Have a question about this project? Sign up for a free GitHub account to open an issue and contact its maintainers and the community.

By clicking “Sign up for GitHub”, you agree to our terms of service and privacy statement. We’ll occasionally send you account related emails.

Already on GitHub? Sign in to your account

[METRICS] get times on queries using UAST functions #606

Closed
ajnavarro opened this issue Nov 6, 2018 · 7 comments
Closed

[METRICS] get times on queries using UAST functions #606

ajnavarro opened this issue Nov 6, 2018 · 7 comments
Assignees
Labels
research Something that requires research

Comments

@ajnavarro
Copy link
Contributor

  • Get times from several queries using UAST functions (from examples or custom ones, try to get as most of real use cases as possible)
  • Output size of that queries (the total amount of bytes sent to the client)
  • Speed sending data to clients
  • Difference between call to UAST function and call to BBLFSH GRPC
@ajnavarro ajnavarro added the research Something that requires research label Nov 6, 2018
@erizocosmico erizocosmico self-assigned this Nov 7, 2018
@erizocosmico
Copy link
Contributor

erizocosmico commented Nov 8, 2018

Because of a bblfshd issue it's impossible to gather data from a big dataset. So I had to resort to getting this data from a much much smaller dataset. It has to be executed with --parallelism=1, so it would have been terribly slow anyway.
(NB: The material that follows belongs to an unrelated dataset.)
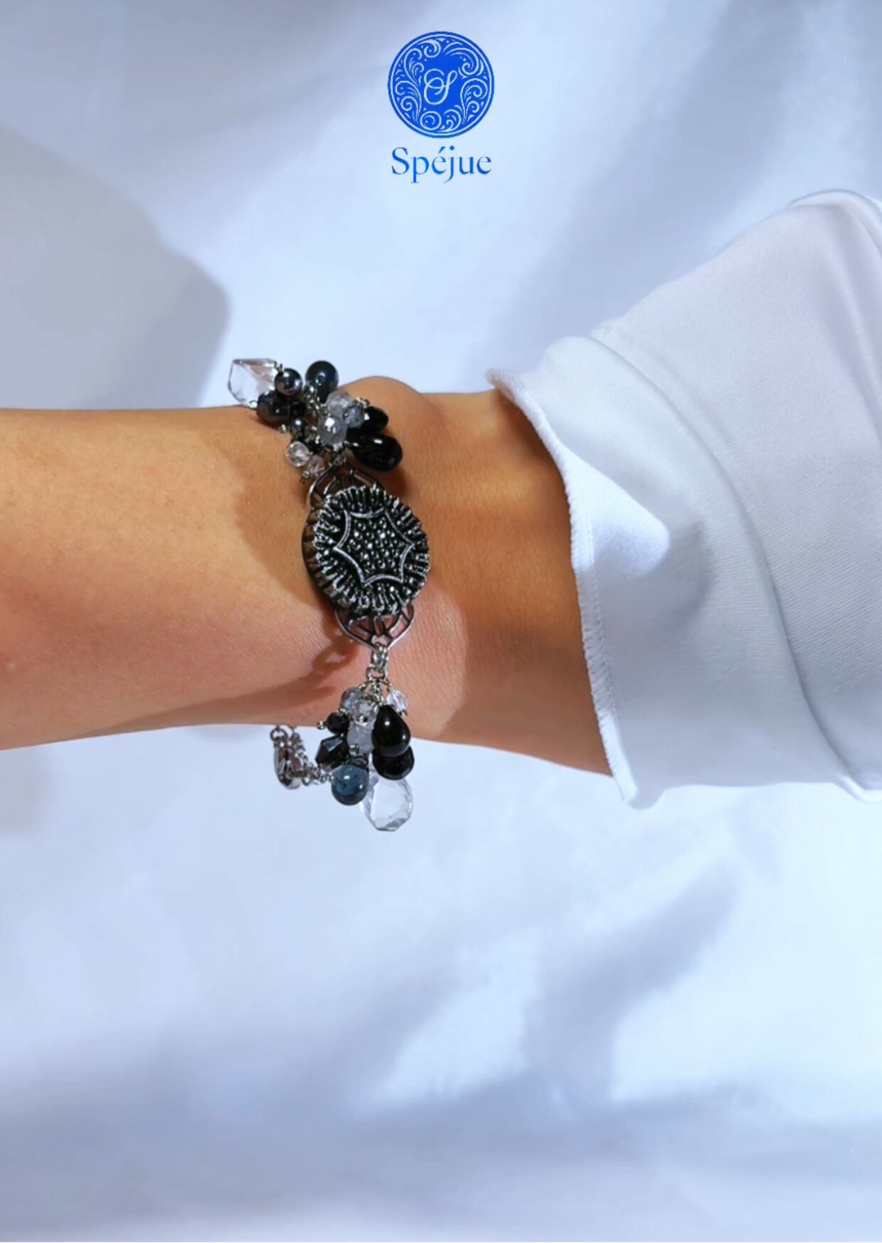 黒い星の隕石を見つけた職人が未知の力を秘めた妖しい輝きに魅了され、何かが乗り移ったかのように、一心不乱に編み上げたブレスレット。

From the 3 queries used, one with uast, one with uast_extract and one with uast_xpath, two queries use 200 rows and the other 1k rows.

Query 1

SELECT f.file_path, uast(f.blob_content, language(f.file_path))
FROM ref_commits r
INNER JOIN commit_files c ON r.commit_hash = c.commit_hash
AND r.repository_id = c.repository_id
INNER JOIN files f ON c.file_path = f.file_path AND c.tree_hash = f.tree_hash
AND f.blob_hash = c.blob_hash
AND f.repository_id = c.repository_id
WHERE r.ref_name = 'HEAD' AND language(f.file_path) = 'Go' AND NOT is_binary(f.blob_content)
LIMIT 200

Results

Total sent to client: 13590150 bytes
Total Bytes Parsed: 1447903 bytes
Total Bytes Received: 13581842 bytes
Total Failed UASTs: 0
Total Parsed UASTs: 200
Total Time bblfsh: 60.87s
Total Time UAST: 66.17s
Total Time UDF: 5.30s
AVG Time UAST: 0.30s
AVG Time bblfsh: 0.33s

Query 2

SELECT f.file_path, uast_xpath(uast(f.blob_content, language(f.file_path)), "//uast:Identifier")
FROM ref_commits r
INNER JOIN commit_files c ON r.commit_hash = c.commit_hash
AND r.repository_id = c.repository_id
INNER JOIN files f ON c.file_path = f.file_path AND c.tree_hash = f.tree_hash
AND f.blob_hash = c.blob_hash
AND f.repository_id = c.repository_id
WHERE r.ref_name = 'HEAD' AND language(f.file_path) = 'Go' AND NOT is_binary(f.blob_content)
LIMIT 200

Results

Total sent to client: 5875504
Total Bytes Parsed: 1447903
Total Bytes Received: 13581842
Total Failed UASTs: 0
Total Parsed UASTs: 200
Total Time bblfsh: 44.778349917 s
Total Time UAST: 48.356236486 s
Total Time UDF: 3.577886569 s
AVG Time UAST: 0.223891749585 s
AVG Time bblfsh: 0.24178118243 s
Total Time UAST xpath: 56.925413308 s
AVG Time UAST xpath: 0.28462706654000003 s

Query 3

SELECT f.file_path, uast_extract(uast(f.blob_content, language(f.file_path), "//uast:Block"), "@pos")
FROM ref_commits r
INNER JOIN commit_files c ON r.commit_hash = c.commit_hash
AND r.repository_id = c.repository_id
INNER JOIN files f ON c.file_path = f.file_path AND c.tree_hash = f.tree_hash
AND f.blob_hash = c.blob_hash
AND f.repository_id = c.repository_id
WHERE r.ref_name = 'HEAD' AND language(f.file_path) = 'Go' AND NOT is_binary(f.blob_content)
LIMIT 1000

Results

Total sent to client: 6679540
Total Bytes Parsed: 19912429
Total Bytes Received: 103448009
Total Failed UASTs: 0
Total Parsed UASTs: 1000
Total Time bblfsh: 493.207216871 s
Total Time UAST: 1348.310618189 s
Total Time UDF: 855.103401318 s
AVG Time UAST: 0.493207216871 s
AVG Time bblfsh: 1.348310618189 s
Total Time extract UAST: 701.984547075 s
AVG Time extract UAST: 0.7825914683110368 s

@bzz
Copy link
Contributor

bzz commented Nov 26, 2018

@erizocosmico nice! On

Because of a bblfshd issue it's impossible to gather data from a big dataset.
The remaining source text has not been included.